The reverse split was approved by stockholders at a Special Meeting held on May 19, 2026, with the final ratio set by the board of directors. Scynexis stated the purpose of the corporate action is to bring the company into compliance with the Nasdaq Capital Market’s minimum bid price requirement for continued listing.
At the effective time of the split, every eight shares of issued and outstanding common stock will be combined into one share. On a pro forma basis, the company expects its outstanding common shares to fall from approximately 79.5 million to approximately 9.9 million. Concurrently, the company’s authorized share count will be reduced from 150 million to 18.75 million, while the par value per share will remain unchanged.
The firm also detailed how the split will affect equity awards and convertible instruments. Outstanding stock options, restricted stock units and warrants will be adjusted in proportion to the split, with a corresponding proportional increase in exercise prices. Scynexis noted that no fractional shares will be issued; stockholders who would otherwise be entitled to fractional shares will instead receive cash payments in lieu of fractional shares.
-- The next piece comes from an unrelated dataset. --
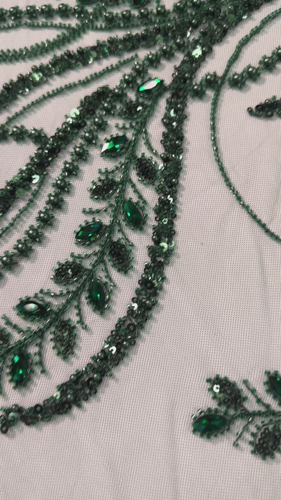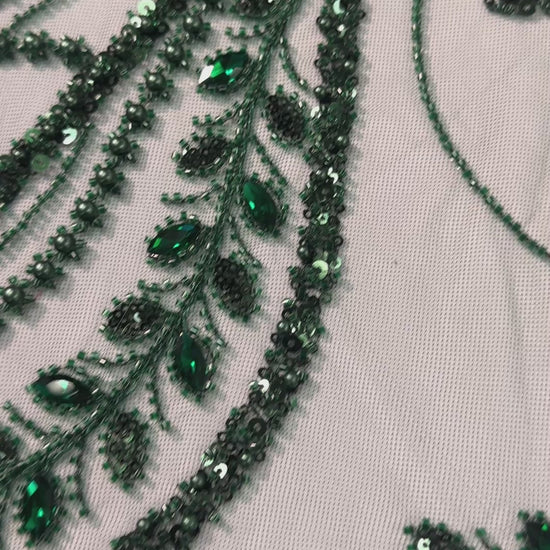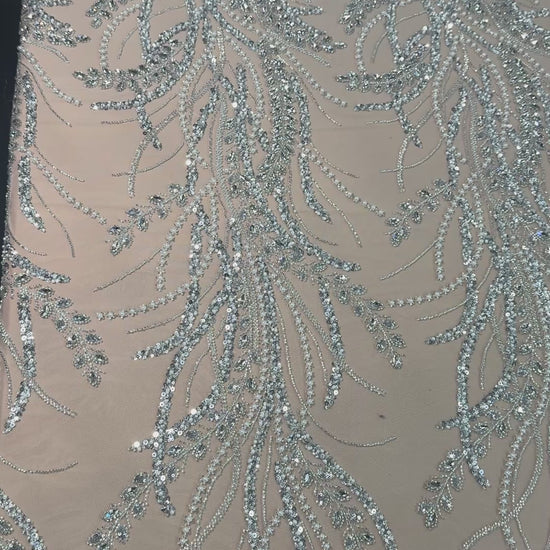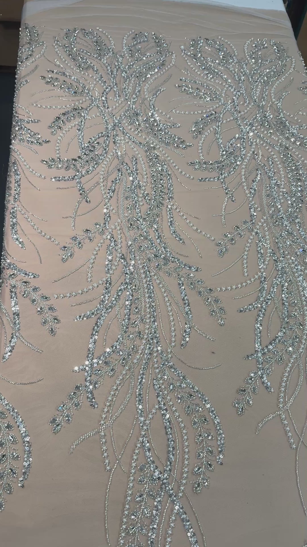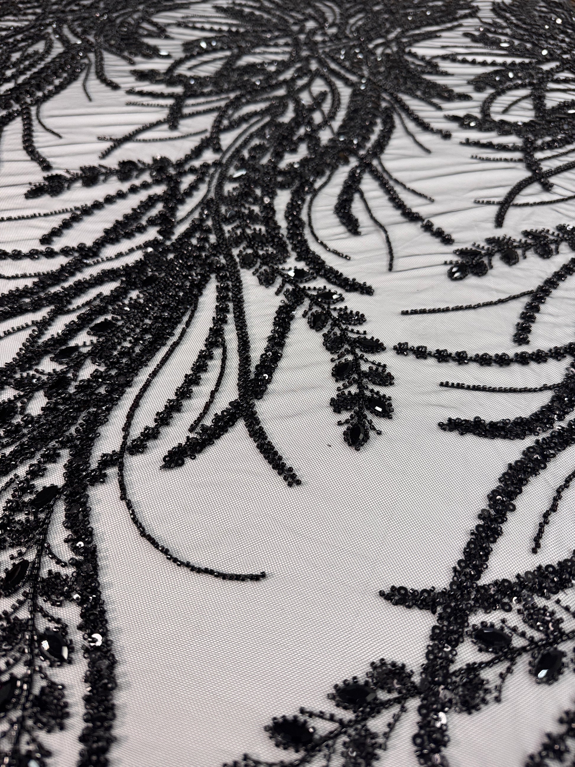 Elevate your designs with this exquisite rhinestone-embellished lace with crystal rhinestones that catch light beautifully. The sheer mesh foundation offers exceptional versatility for layering, allowing you to create dimensional silhouettes that transition seamlessly from bridal gowns to evening wear and prom attire. The sturdy construction ensures your creations maintain their elegance through wear and movement, making this the ideal choice for designers seeking luxury fabrics.

Equiniti Trust Company has been named as the exchange agent to oversee the mechanics of the reverse split. The company added that shareholders holding their shares through banks, brokers or other nominees will have their positions automatically adjusted and will not need to take any action to effect the change.
The company confirmed that trading on a split-adjusted basis will begin June 1, 2026, under the existing SCYX ticker and that a new CUSIP number will be assigned for the post-split shares.
Scynexis’ announcement outlined the timing, shareholder approval and administrative details of the reverse split, and described how outstanding equity-based instruments and fractional share situations will be handled as part of the corporate action.